Fix LTX2 sharding: NNXSimpleFeedForward kernel axes and LTX2Attention bias axes

Perseus14 · Perseus14 · commit 5f32283afdaf · 2026-04-11T18:07:53.000+05:30
1. NNXSimpleFeedForward (used by LTX2 transformer blocks):
   - net_0 (up-projection): kernel sharding fixed from ('embed', None) to
     ('embed', 'mlp'). The output dim should be sharded across tensor axis
     to parallelize the computation. Previous sharding left the output
     fully replicated, causing unnecessary all-gathers.
   - net_2 (down-projection): kernel sharding fixed from ('embed', 'mlp')
     to ('mlp', 'embed'). Input dim must match net_0's output sharding,
     and output dim should use embed sharding. Previous sharding had the
     axes reversed, creating resharding overhead.
   - Bias axes updated to match their respective output dimensions.

2. LTX2Attention:
   - QKV bias: fixed from ('embed',) to ('heads',) to match the QKV
     kernel output dimension sharding.
   - Output projection bias: fixed from ('heads',) to ('embed',) to match
     the output kernel output dimension sharding.
diff --git a/src/maxdiffusion/models/attention_flax.py b/src/maxdiffusion/models/attention_flax.py
@@ -717,8 +717,8 @@ def __init__(
         dtype=dtype,
         param_dtype=weights_dtype,
         precision=precision,
-        kernel_init=nnx.with_partitioning(nnx.initializers.lecun_normal(), ("embed", None)),
-        bias_init=nnx.with_partitioning(nnx.initializers.zeros, (None,)),
+        kernel_init=nnx.with_partitioning(nnx.initializers.lecun_normal(), ("embed", "mlp")),
+        bias_init=nnx.with_partitioning(nnx.initializers.zeros, ("mlp",)),
     )
     self.act = get_activation(activation_fn)
     self.net_2 = nnx.Linear(
@@ -729,8 +729,8 @@ def __init__(
         dtype=dtype,
         param_dtype=weights_dtype,
         precision=precision,
-        kernel_init=nnx.with_partitioning(nnx.initializers.lecun_normal(), ("embed", "mlp")),
-        bias_init=nnx.with_partitioning(nnx.initializers.zeros, ("mlp",)),
+        kernel_init=nnx.with_partitioning(nnx.initializers.lecun_normal(), ("mlp", "embed")),
+        bias_init=nnx.with_partitioning(nnx.initializers.zeros, ("embed",)),
     )
 
   def __call__(self, hidden_states: Array) -> Array:
diff --git a/src/maxdiffusion/models/ltx2/attention_ltx2.py b/src/maxdiffusion/models/ltx2/attention_ltx2.py
@@ -359,13 +359,13 @@ def __init__(
     # 1. Define Partitioned Initializers (Logical Axes)

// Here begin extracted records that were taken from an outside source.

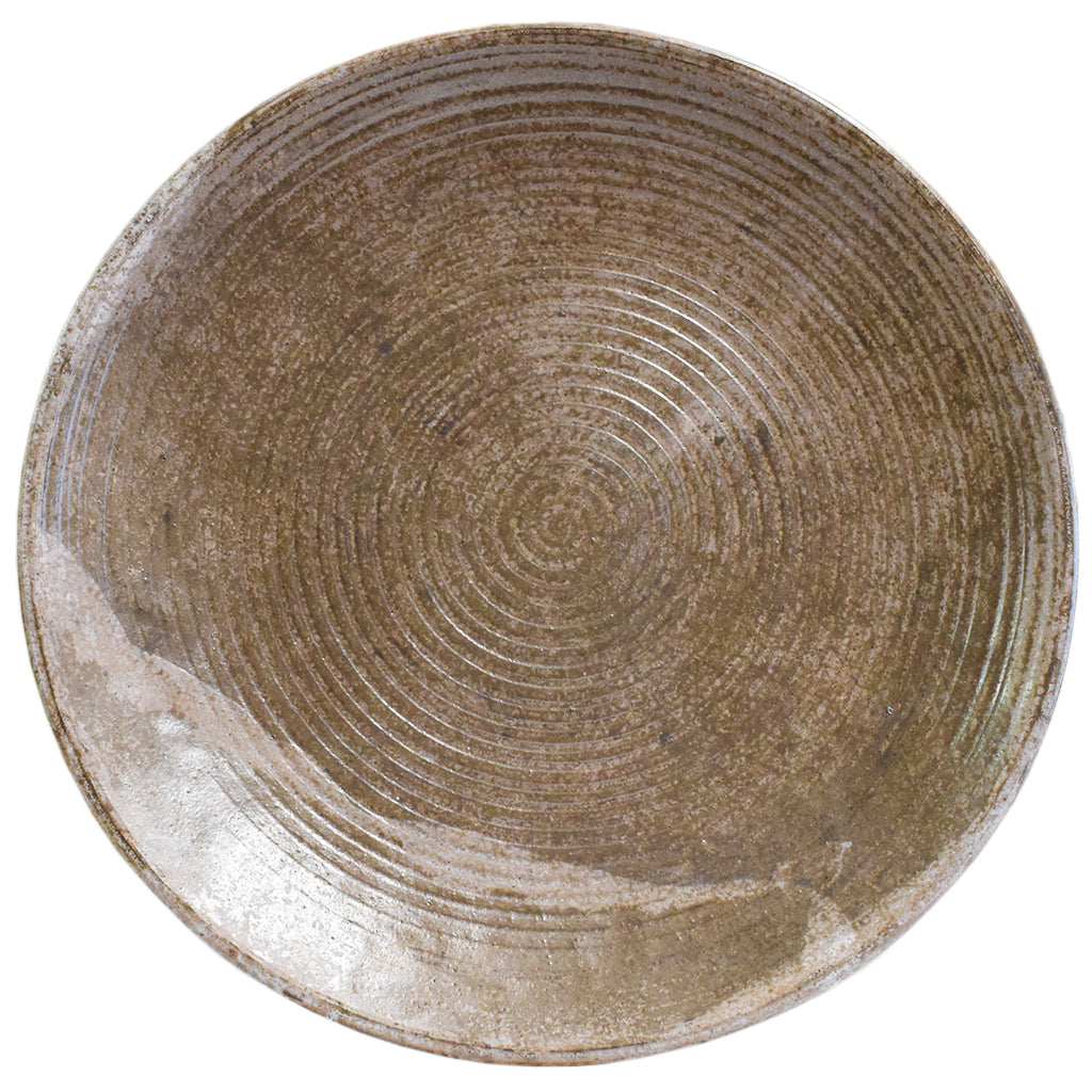 The rich earth tones of the Mississippi Delta are captured in the glazes and textures of this pottery, crafted with care by the Woods Brothers of Mound Bayou, MS. This piece measures 16 inches in diameter.
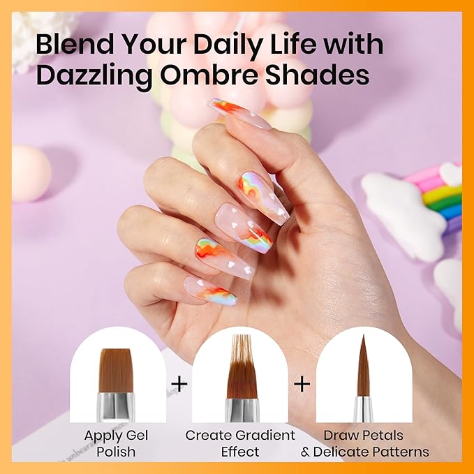 - Double-Headed Design: Each brush features a double-headed design, allowing you to complete all nail art steps with just one brush, eliminating the need to switch mid-process. With oval, flat, dot, petal, french, and gradient brushes, it meets all your nail art needs, making your creation process more efficient and convenient.
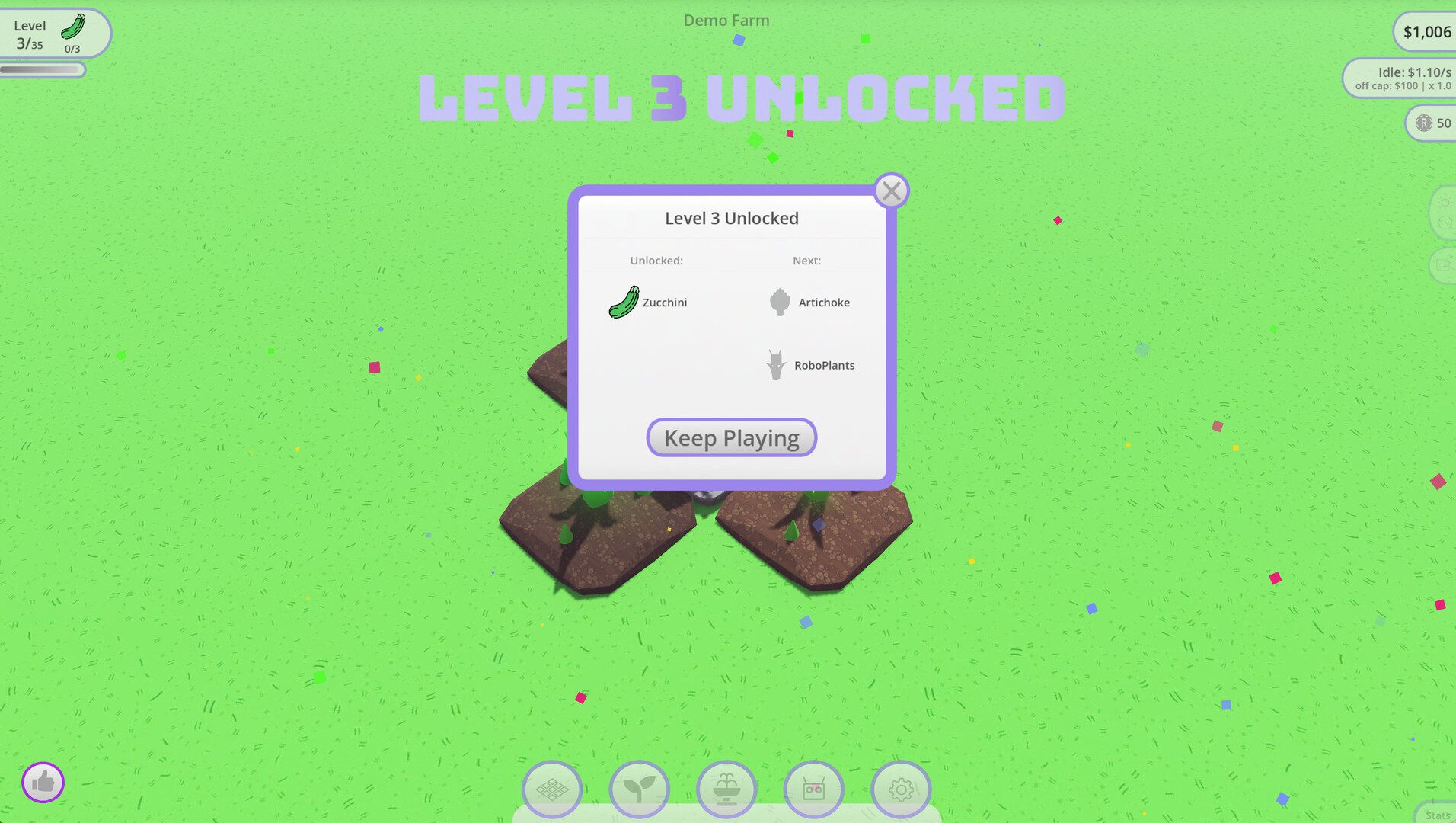 Unlock unique produce, decorate your land with custom creations, and watch your income soar. Use top-down mode to build and design your farm more effectively. With top-down mode, you have a clear view of your farm. Easily construct paths, harvest plants, and enjoy the view. Then upgrade, automate, and keep pushing your farm’s value higher. The demo version limits you to 100 dirt tiles for planting your veggies.

     # Q, K, V kernels: [in_features (embed), out_features (heads)]
     qkv_kernel_init = nnx.with_partitioning(nnx.initializers.lecun_normal(), ("embed", "heads"))
-    # Q, K, V biases: [out_features (embed)]
-    qkv_bias_init = nnx.with_partitioning(nnx.initializers.zeros_init(), ("embed",))
+    # Q, K, V biases: [out_features (heads)]
+    qkv_bias_init = nnx.with_partitioning(nnx.initializers.zeros_init(), ("heads",))
 
     # Out kernel: [in_features (heads), out_features (embed)]
     out_kernel_init = nnx.with_partitioning(nnx.initializers.lecun_normal(), ("heads", "embed"))
-    # Out bias: [out_features (heads)]
-    out_bias_init = nnx.with_partitioning(nnx.initializers.zeros_init(), ("heads",))
+    # Out bias: [out_features (embed)]
+    out_bias_init = nnx.with_partitioning(nnx.initializers.zeros_init(), ("embed",))
 
     # Norm scales
     norm_scale_init = nnx.with_partitioning(nnx.initializers.ones_init(), ("norm",))